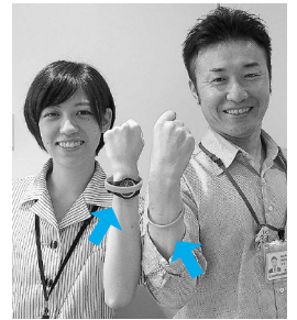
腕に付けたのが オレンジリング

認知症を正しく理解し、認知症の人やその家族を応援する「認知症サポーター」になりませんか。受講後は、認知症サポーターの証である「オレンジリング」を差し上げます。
...
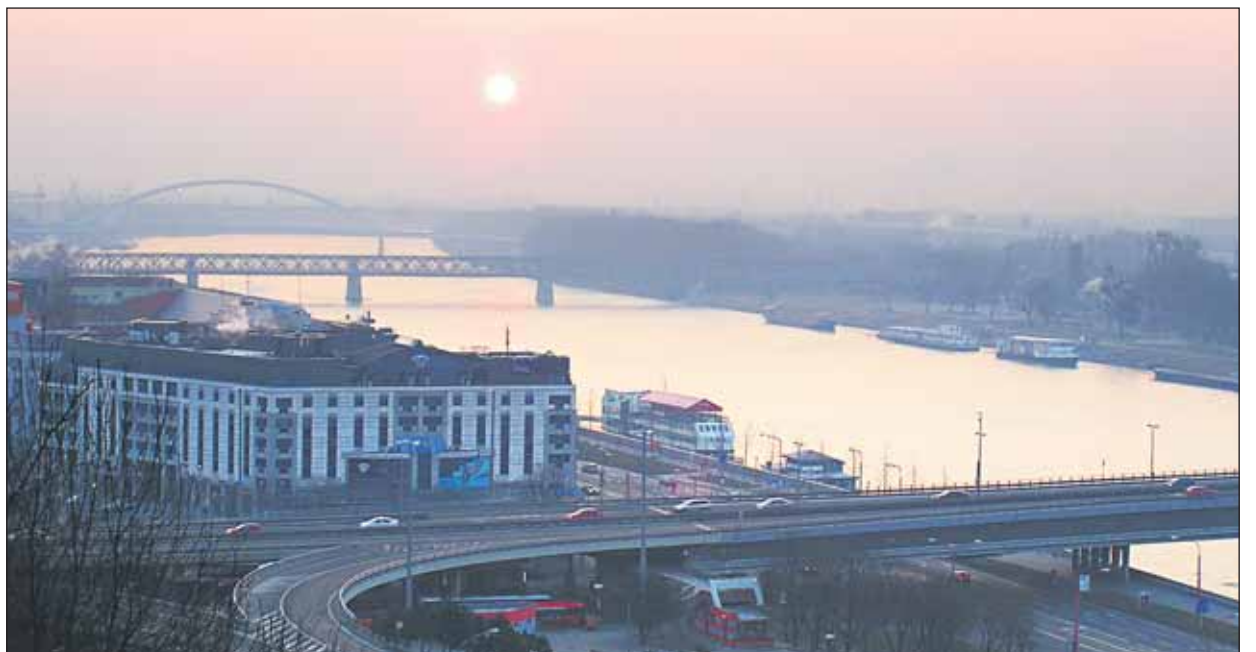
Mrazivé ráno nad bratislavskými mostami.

Problem statement — Everything starting at the line containing "腕に付けたのが オレンジリング" and ending at the line containing "認知症を正しく理解し、認知症" in the records above should be repeated exactly, and only that.

Written answer —
腕に付けたのが オレンジリング

認知症を正しく理解し、認知症の人やその家族を応援する「認知症サポーター」になりませんか。受講後は、認知症サポーターの証である「オレンジリング」を差し上げます。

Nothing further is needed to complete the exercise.